Liquid - Liquid Devices
Conventional thermoelectric modules require a physical envelope that contains the TE materials and electrical connections in a form suitable for integration into larger systems. The design of conventional thermoelectric modules (i.e. their configuration and the materials used) introduces thermal and electrical parasitic losses that compromise each module's performance. BSST has developed proprietary designs that simplify the system by eliminating thermal electrical interfaces. The resulting configurations are more cost effective, efficient, reliable, and are generally more compact (i.e. they have a higher power density).
The image shown here is of a stack of BSST TE devices that were specifically designed to notably reduce thermal and electrical losses while offering a structurally stable compact configuration. The stack was designed to remove heat from a primary liquid stream that passes through the stack, and expel that heat into a separate waste liquid stream that also flows through and then out of the stack. The individual TE devices, which are the building blocks of the stack, are made of a conducting metal (copper in this case), are hollow, and are connected so that the primary and waste heat liquid streams flow through alternating devices in the stack.
Each of the TE devices is conductive.
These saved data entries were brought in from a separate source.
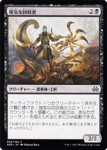 ![]() ![]() | AER 056 強気な回収者 クリーチャー 霊気紛争 C 色:黒 サブタイプ:霊基体・工匠 マナコスト:(2)(黒) パワー:2 タフネス:2 アーティファクト1つかクリーチャー1体を生け贄に捧げる:強気な回収者の上に+1/+1カウンターを1個置く。この能力は、あなたがソーサリーを唱えられるときにのみ起動できる。 「お前のようなものに負けるなら、あの衝突に生き残らなかっただろう。」 illust:VOLKAN BAGA |
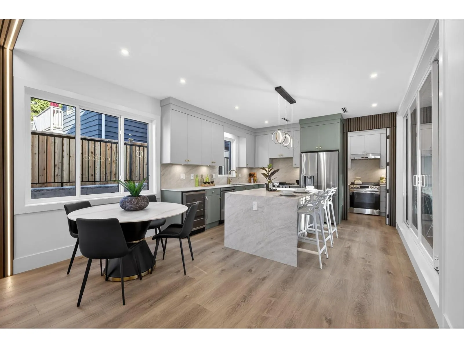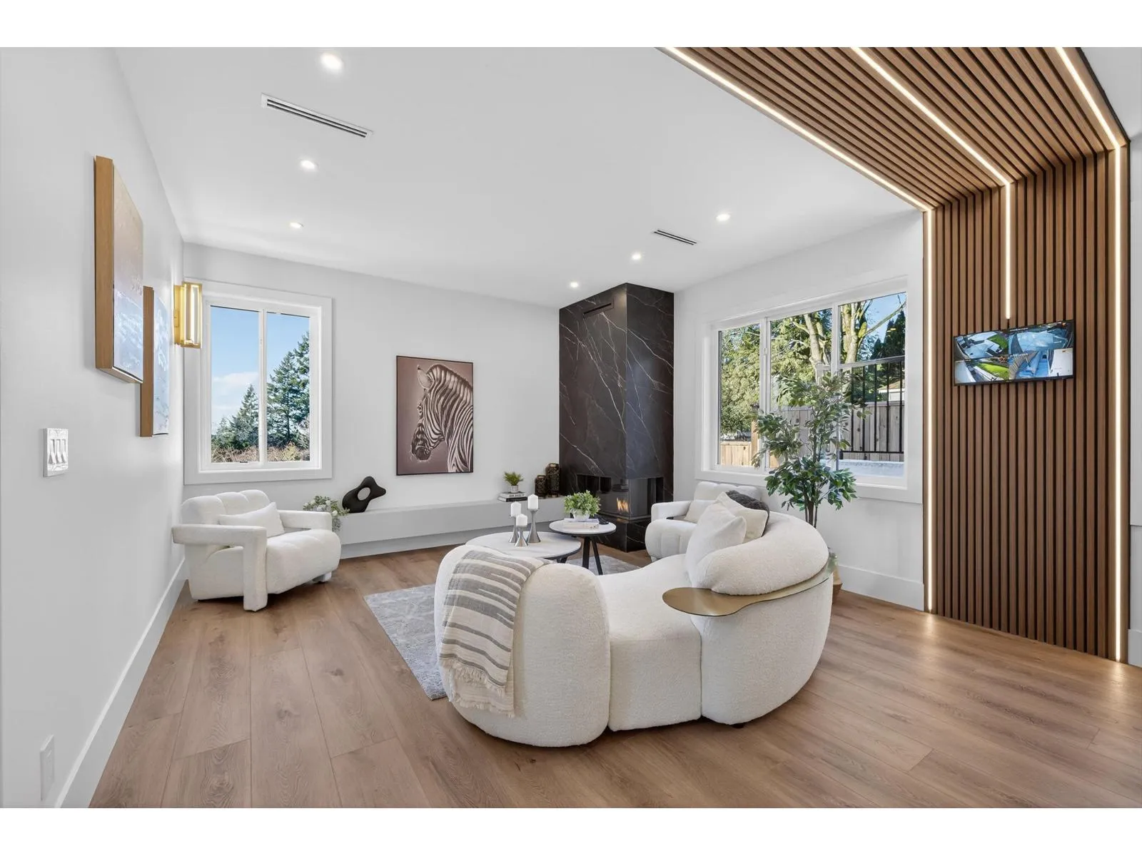Brand-new modern West Coast ½ duplexes on a prime corner lot with unobstructed Burns Bog views. Each side offers 3,022 sq.ft.+390 sq.ft. covered decks on a 9,000 sq.ft. lot(approx.4,500 sq.ft.per unit),side-by-side double garage & 53-ft driveway parking up to 8 vehicles. Open-concept main floor with floor-to-ceiling windows,designer kitchen with double fridge,wine fridge,gas range & hidden spice kitchen, +main-floor bedroom with
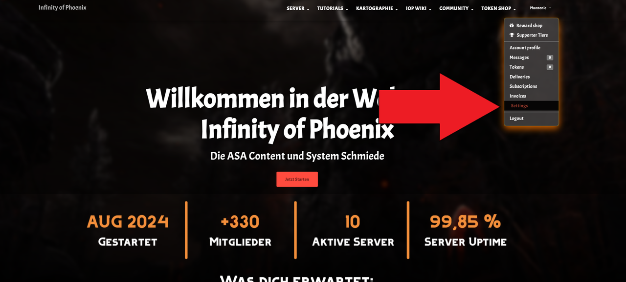 - Öffne die Settings/Einstellungen deines Spielerprofiles.
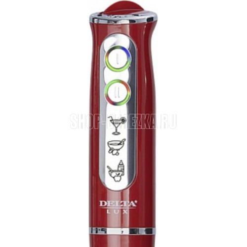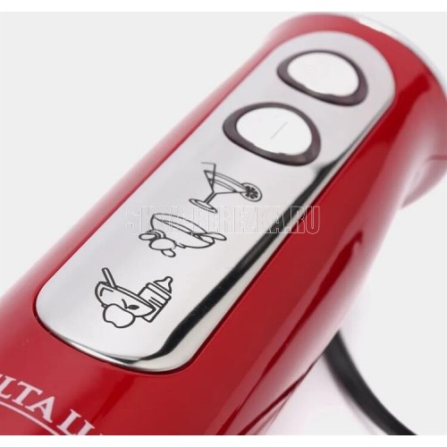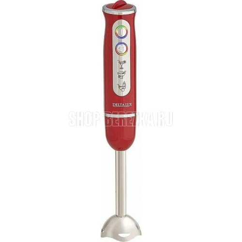 Номинальная потребляемая мощность 800 Вт, Блендер предназначен для смешивания, измельчения и взбивания продуктов и жидкостей в бытовых условиях, Цвет: красный, Индикатор сети с LED-подсветкой кнопок, Насадка и нож из нержавеющей стали с 4 лезвиями, Плавная регулировка скорости, Режим «ТУРБО», Упаковка: цветная коробка.
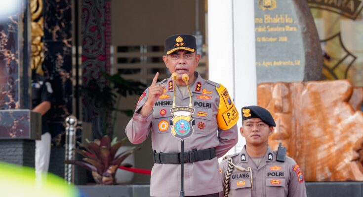 Medan – Kepala Kepolisian Daerah Sumatera Utara, Irjen Pol Whisnu Hermawan F., S.I.K., M.H., memimpin langsung Apel Gelar Pasukan Operasi Kepolisian Kewilayahan “Patuh Toba 2025” yang digelar di Lapangan KS Tubun Mapolda Sumut, Senin (14/7/2025).
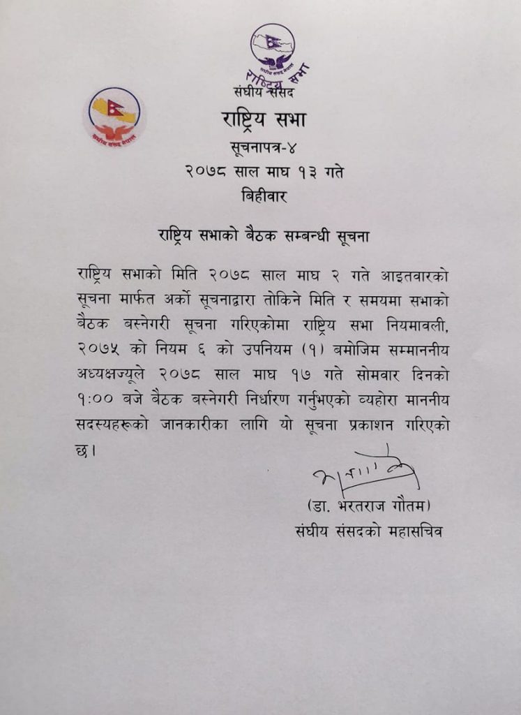राष्ट्रिय सभाको बैठक सम्बन्धी सूचना राष्ट्रिय सभाको मिति २०७८ साल माघ २ गते आइतवारको सूचना मार्फत अर्को सूचनाद्वारा तोकिने मिति र समयमा सभाको बैठक बस्नेगरी सूचना गरिएकोमा राष्ट्रिय सभा नियमावली, २०७५ को नियम ६ को उपनियम (१) बमोजिम सम्माननीय अध्यक्षज्यूले २०७८ साल माघ १७ गते सोमवार दिनको १ः०० बजे बैठक बस्नेगरी निर्धारण गर्नुभएको व्यहोरा माननीय सदस्यहरूको जानकारीका लागि यो सूचना प्रकाशन गरिएको छ।
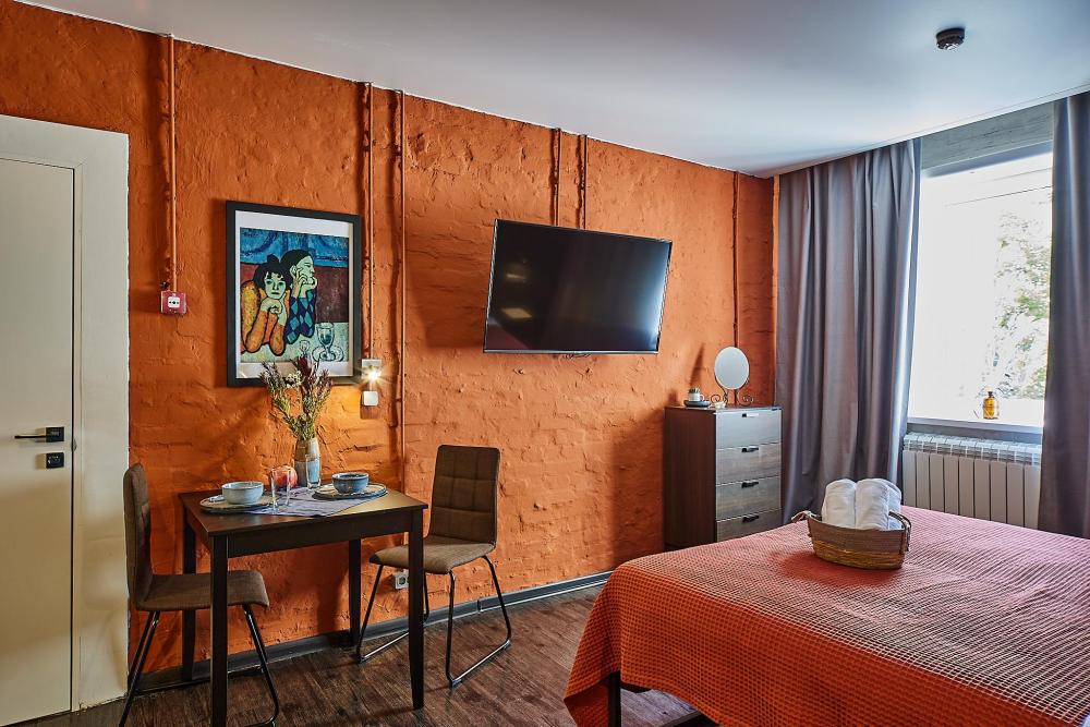 Стильная арт‑студия для одного гостя с видом на тихий внутренний дворик — идеальный вариант для командировок и коротких поездок. В апартаментах: односпальная софа‑кровать, бесплатный Wi‑Fi, кондиционер, ТВ с подпиской на Кинопоиск, мини‑холодильник, чайник и чайный набор, бесплатный чай/кофе, собственная ванная комната с туалетно‑косметическими принадлежностями, фен и тапочки. Дополнительные услуги и преимущества: - завтрак в номер - общая прачечная зона: стиральная и сушильная машины, гладильные принадлежности - уборка раз в 5 суток - общая кухня с выходом на террасу для тех, кто предпочитает готовить сам - платная парковка на территории - круглосуточное бесконтактное заселение с онлайн поддержкой 24/7, а также гибкие условия раннего заезда и позднего выезда - размещение с небольшими животными по предварительному согласованию и за дополнительную плату
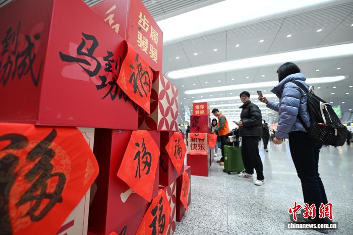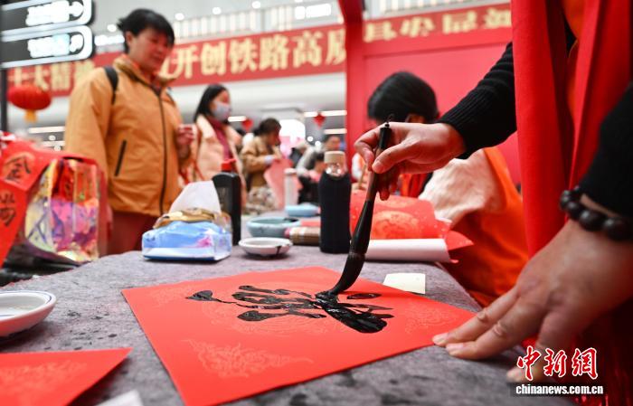 书法意愿者为搭客誊写百般喜庆字帖。中新社记者 王刚刚 摄
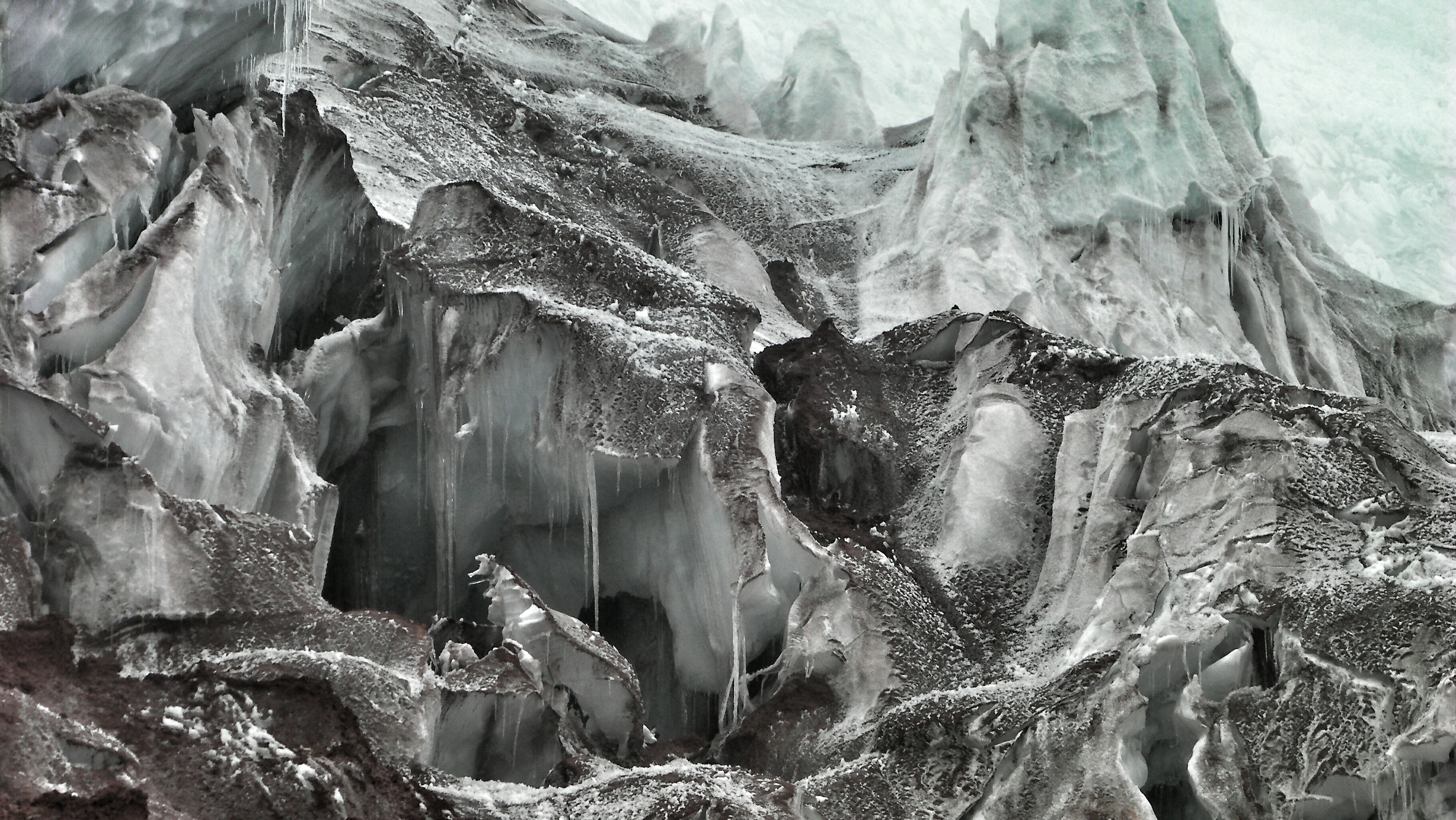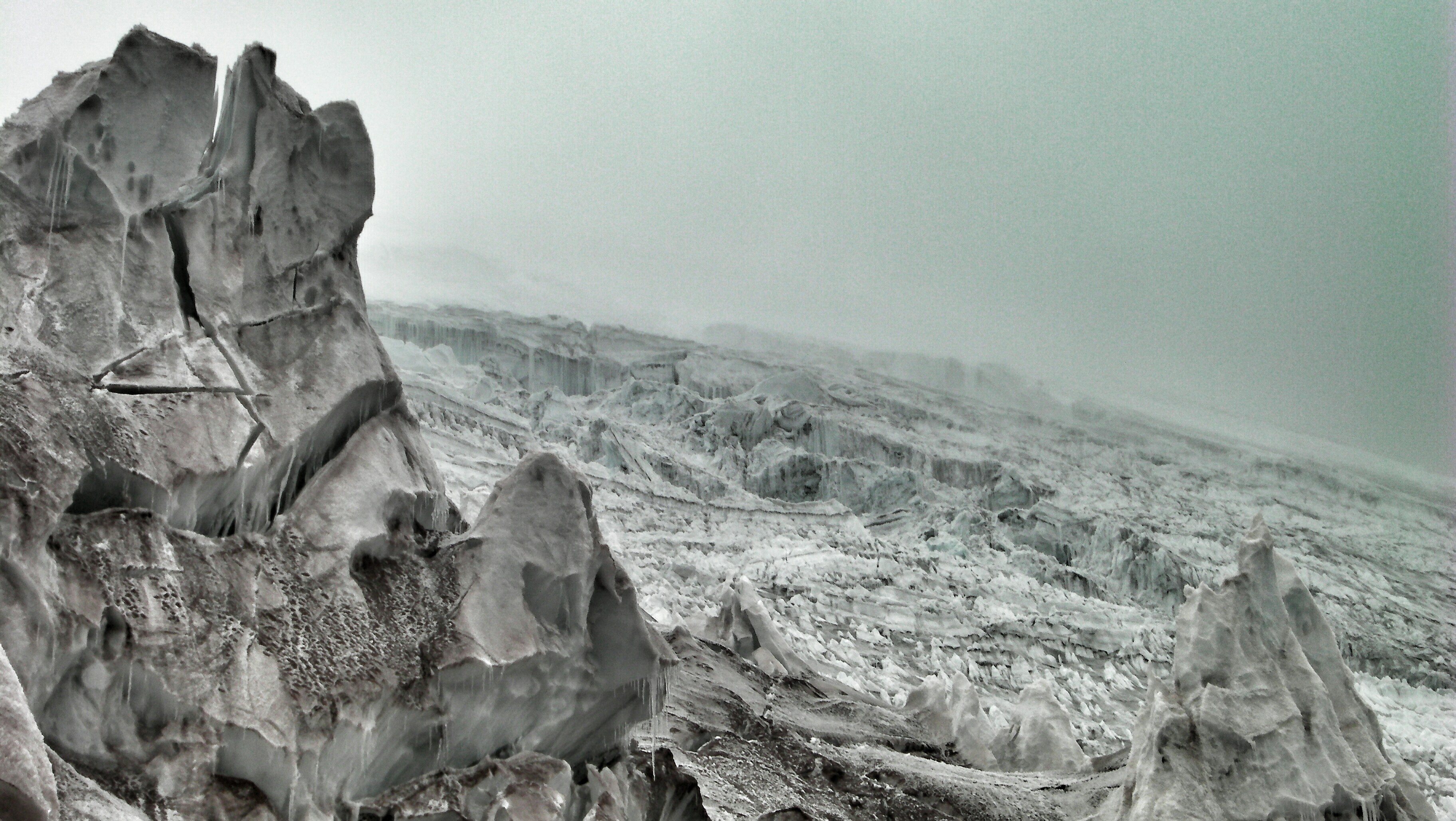 The outline of a single grey-blue stalagmite of ice came into view and then another, and then ten more – until finally they stretched all the way from where we stood to the summit of the volcano – nearly another 1000 metres.
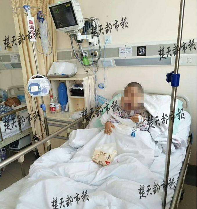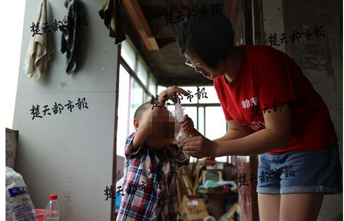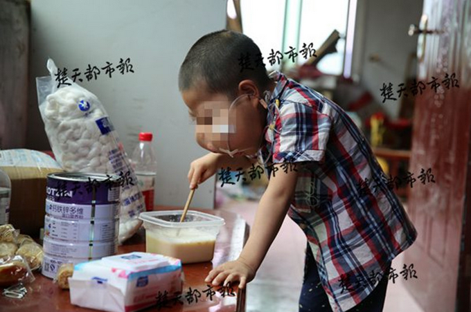 中午,妈妈田淑升下班回来了。在县城一家厨具店打工的她每天都准点到家,佳欣吃饭有点复杂,必须她亲自来弄,不然不放心。冲好牛奶,田淑升把佳欣脖子上的一根小套管取下,放在碗里用热水清洗,“这个得每天取下来消毒清洗,不然就会被痰堵住。”用注射器吸出牛奶,田淑升小心翼翼往佳欣嘴里注射进去,“孩子无法吃饭,只能这样注射流食。”每日只能靠注射流食维持生命,其他的营养几乎都无法跟上,一个月下来,一向胖乎乎的田佳欣,变得消瘦如柴。望着仰头吞牛奶的小佳欣,田淑升眼泪在打转,“这孩子命真苦。”从一出生,疝气、肠道扭曲再到巨颌症,小佳欣一直饱受病痛折磨,生与死的较劲从未退却。2016年11月,在社会的帮助下小佳欣顺利完成第一次颌骨切除手术。那阵子小佳欣瞬间找到了童年的味道,跟着外婆邹红回到老家茶店子镇燕子岭村,无拘无束的乡村生活让他轻松自在。但幸福时光稍纵即逝,厄运再次降临。今年4月,“脸蛋肿胀”、“呼吸困难”这些症状再次发作,而且更严重。很快,小佳欣快速肿胀的脸蛋把鼻孔挤成了两个小孔,每吸一点气如同打呼噜一般,随时都有窒息可能。
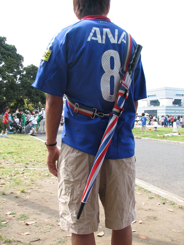 最初のうちは、オフィシャルでは「スタジアムでは傘は危険」ということで、ダメだったんだよね~。
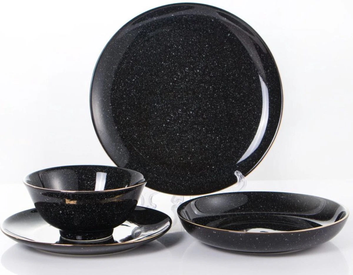 Eet samen met je gezin en gasten in stijl met deze bijzonder en uniek 6 persoons serviesset. Een prachtige complete set in het zwart met witte puntjes en verder nog met gouden randen. Deze set straalt luxe uit en past in veel interieurs.

Because of this conductivity, the devices are able to pump heat from the primary liquid stream to the waste liquid stream when they are both flowing and an electrical current is passed through the stack. When a number of stacks are assembled as a unit, the unit can dissipate a larger amount of heat while offering a relatively small footprint that does not have any moving parts. Such a unit is capable of effectively cooling such things as an enclosed high heat-generating electronics system or passengers in an automobile.
While the particular TE stack shown and discussed here represents an early generation of advanced BSST thermoelectrics (due to client confidentiality), it is representative of BSST's progressive approach to the development of thermoelectric cooling and heating system platforms.